Foule soudanaise dans un camion pour fuir les combats à Khartoum

Khartoum (AFP) - Les troupes américaines sont intervenues en hélicoptère pour évacuer le personnel de l'ambassade de la capitale soudanaise déchirée par les combats, a déclaré dimanche le président Joe Biden, alors que d'autres nations cherchaient à aider leurs citoyens à fuir les combats meurtriers entre généraux rivaux.

La France a également lancé dimanche des opérations d'évacuation depuis ce pays du nord-est de l'Afrique, où les combats en cours sont entrés dans leur deuxième semaine.

Des batailles féroces entre l'armée soudanaise et un groupe paramilitaire – qui a vu des combats avec des chars dans la ville densément peuplée de Khartoum et des frappes aériennes lancées par des avions de chasse – ont tué plus de 400 personnes et fait des milliers de blessés.
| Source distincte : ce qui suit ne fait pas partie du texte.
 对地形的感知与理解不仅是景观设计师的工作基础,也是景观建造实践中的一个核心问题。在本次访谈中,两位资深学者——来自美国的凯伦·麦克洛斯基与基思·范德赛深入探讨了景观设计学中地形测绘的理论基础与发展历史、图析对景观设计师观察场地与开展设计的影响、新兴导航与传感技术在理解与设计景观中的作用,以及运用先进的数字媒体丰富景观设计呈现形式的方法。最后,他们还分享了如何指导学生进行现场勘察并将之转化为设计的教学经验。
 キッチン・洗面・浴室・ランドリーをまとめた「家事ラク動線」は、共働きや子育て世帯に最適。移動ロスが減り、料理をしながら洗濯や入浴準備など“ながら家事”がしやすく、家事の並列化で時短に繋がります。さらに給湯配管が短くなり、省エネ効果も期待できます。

Biden, qui a déclaré que l'armée américaine "avait mené une opération" pour extraire le personnel du gouvernement américain, a condamné la violence, affirmant que "c'est inadmissible et qu'elle doit cesser".
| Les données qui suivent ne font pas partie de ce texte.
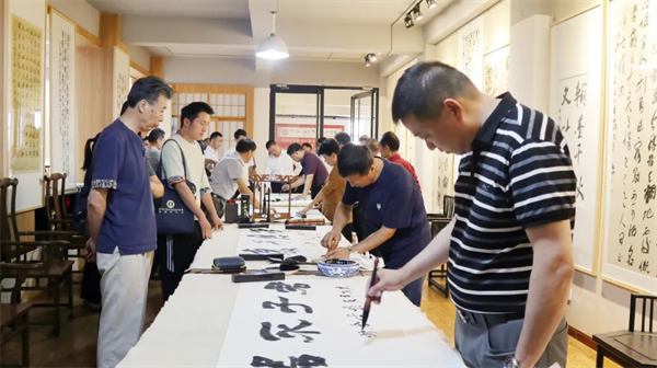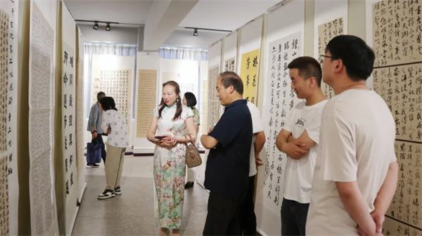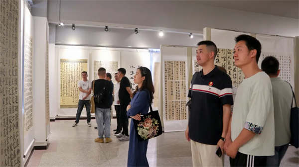 儀式結束后,全體與會人員共同前往書法展廳參觀,相互交流經驗、研討切磋,現場揮毫潑墨,為活動助力添彩。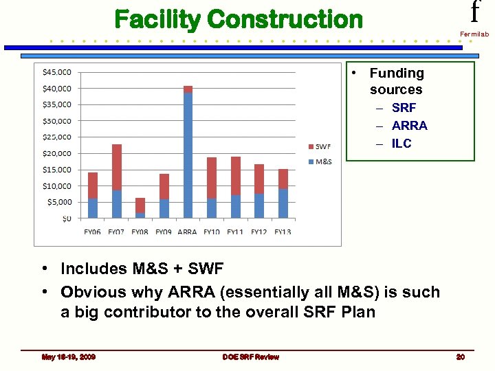 f Operating Costs Fermilab • Funding sources – SRF – ARRA – ILC • Operating costs increase as facilities come “on line” • Operations explicitly not part of the 2007 SRF Plan – Expected ILC would pay for operations • ILC/SRF (like most projects) only pays incremental costs – Need a source of Ops funds after FY 13 (SRF Plan completed, Te. V off) May 18 -19, 2009 DOE SRF Review 19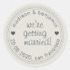 Chic and simple save the date label, with your names and wedding date in off-black modern typography on a grey background, and the text 'we're getting married' in stylish script font. Use these wedding stickers for your wedding gifts, gift bags or as a save the date envelope seal. Exclusively designed for you by Happy Dolphin Studio. If you need any help or matching products, please contact us at happydolphinstudio@outlook.com.

Les combats entre l'armée soudanaise et un groupe paramilitaire lourdement armé sont entrés dans leur deuxième semaine

Un peu plus de 100 soldats américains des opérations spéciales ont participé au sauvetage pour extraire moins de 100 personnes, qui ont vu trois hélicoptères Chinook voler de Djibouti, restant au sol à Khartoum pendant moins d'une heure.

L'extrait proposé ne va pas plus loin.